Create predictable patterns
Children collaborate in college because they understand what's expected of them, says Beth Cohen-Dorfman, educational planner at Chicago's Concordia Avondale Campus preschool. The children follow basically the exact same routine day after day, so they quickly learn what they are supposed to do, and after a while barely need reminding. While it might be impractical to have the exact same level of structure at home, the more consistent you are, the more cooperative your kid is likely to be, suggests Cohen-Dorfman. Decide on several routines and stick to them: Everybody gets dressed before breakfast. As soon as we come from outside, we wash our hands. No bedtime tales until all kids are in jammies. Finally, following these home rules will become second nature to your child.

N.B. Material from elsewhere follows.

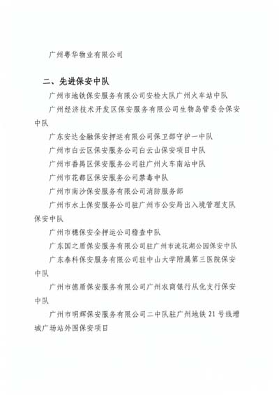一、先進(jìn)保安從業(yè)單位

Involve her in righting her wrongs
If you find her coloring on the walls, have her help wash it off. If she yells over a playmate's block tower, then ask her to help reconstruct it.
Prioritize play.
Preschool teachers said over and over that kids today are less able to perform imaginatively than children of a decade or two past. A lot of their day is structured in supervised activities, says Haines. The antidote: Obtain comfortable saying Go playwith. It's not your job to understand that your child is amused 24/7. Let her get a little bored. However, be sure she's things like dress-up clothing, paint and paper, a big cardboard box, and play dough.